Task instructions: Write out exactly, and only, the lines below from the line with "根据数据追踪机构 Inside Airbnb" through the line with "- NOTIZIE STORICO"; pictures do not belong in the copy.

Entries supplied below:

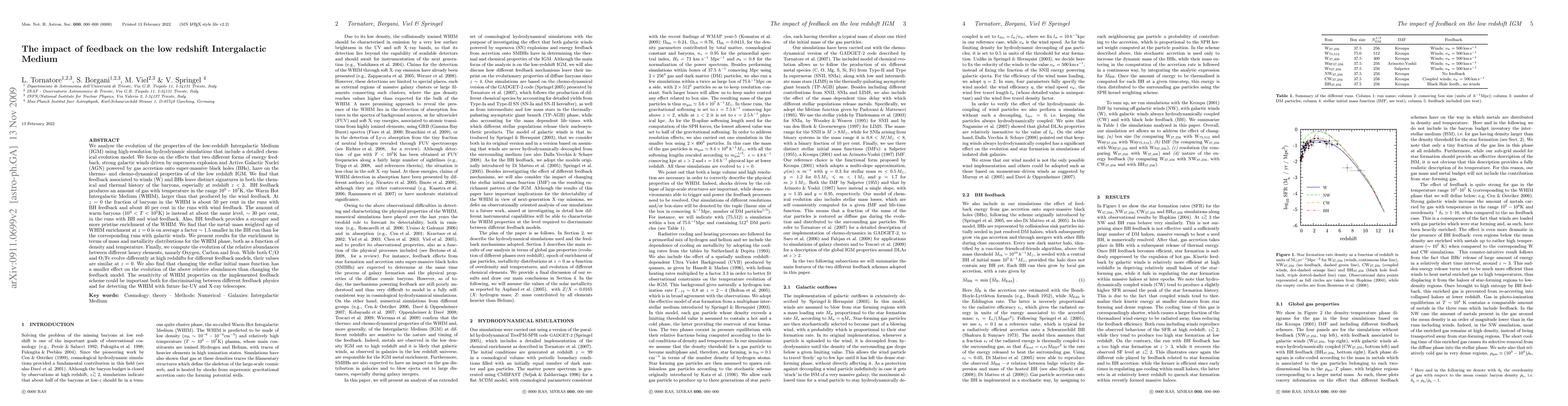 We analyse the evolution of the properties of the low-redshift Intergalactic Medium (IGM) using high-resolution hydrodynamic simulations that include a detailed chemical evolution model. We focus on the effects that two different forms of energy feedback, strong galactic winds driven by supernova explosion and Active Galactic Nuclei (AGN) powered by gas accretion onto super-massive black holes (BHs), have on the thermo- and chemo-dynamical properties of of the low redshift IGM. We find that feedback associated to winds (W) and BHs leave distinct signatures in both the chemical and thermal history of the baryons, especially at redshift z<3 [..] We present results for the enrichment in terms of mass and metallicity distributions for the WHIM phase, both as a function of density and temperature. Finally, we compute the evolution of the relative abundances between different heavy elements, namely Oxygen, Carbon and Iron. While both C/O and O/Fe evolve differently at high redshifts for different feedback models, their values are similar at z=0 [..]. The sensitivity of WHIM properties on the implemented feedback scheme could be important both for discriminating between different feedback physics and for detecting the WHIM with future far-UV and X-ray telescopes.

End of Entries supplied.
Entries supplied below:

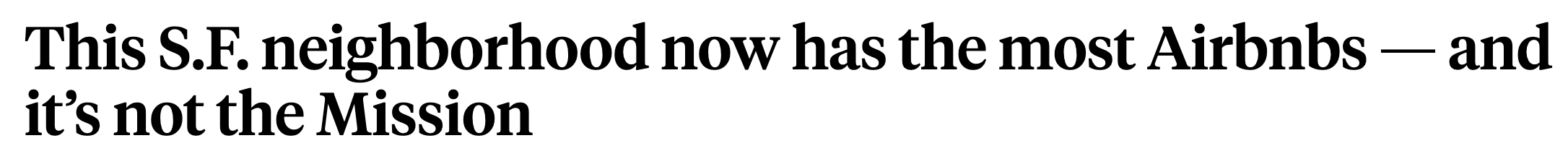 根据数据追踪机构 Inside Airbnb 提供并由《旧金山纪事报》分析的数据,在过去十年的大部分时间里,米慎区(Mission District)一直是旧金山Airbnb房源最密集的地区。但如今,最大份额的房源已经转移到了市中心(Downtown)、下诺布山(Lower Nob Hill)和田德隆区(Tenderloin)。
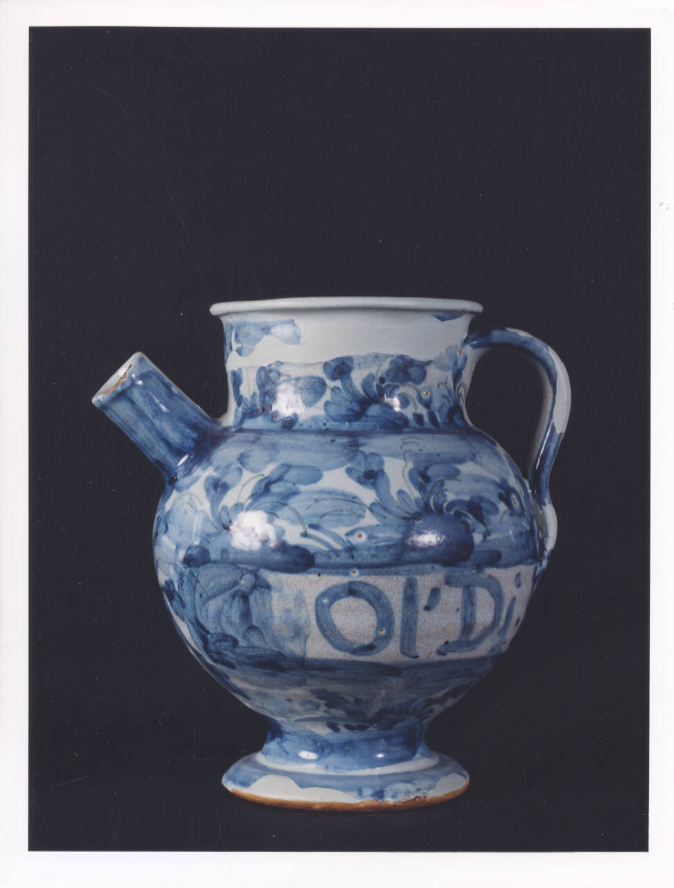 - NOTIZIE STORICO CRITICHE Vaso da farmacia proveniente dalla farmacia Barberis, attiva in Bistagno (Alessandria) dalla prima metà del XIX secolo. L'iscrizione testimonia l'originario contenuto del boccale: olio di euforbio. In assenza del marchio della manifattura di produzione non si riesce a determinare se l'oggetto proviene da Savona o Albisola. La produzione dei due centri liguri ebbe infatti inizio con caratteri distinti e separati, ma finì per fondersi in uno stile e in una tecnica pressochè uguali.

End of Entries supplied.

Expected output:
 根据数据追踪机构 Inside Airbnb 提供并由《旧金山纪事报》分析的数据,在过去十年的大部分时间里,米慎区(Mission District)一直是旧金山Airbnb房源最密集的地区。但如今,最大份额的房源已经转移到了市中心(Downtown)、下诺布山(Lower Nob Hill)和田德隆区(Tenderloin)。
 - NOTIZIE STORICO CRITICHE Vaso da farmacia proveniente dalla farmacia Barberis, attiva in Bistagno (Alessandria) dalla prima metà del XIX secolo. L'iscrizione testimonia l'originario contenuto del boccale: olio di euforbio. In assenza del marchio della manifattura di produzione non si riesce a determinare se l'oggetto proviene da Savona o Albisola. La produzione dei due centri liguri ebbe infatti inizio con caratteri distinti e separati, ma finì per fondersi in uno stile e in una tecnica pressochè uguali.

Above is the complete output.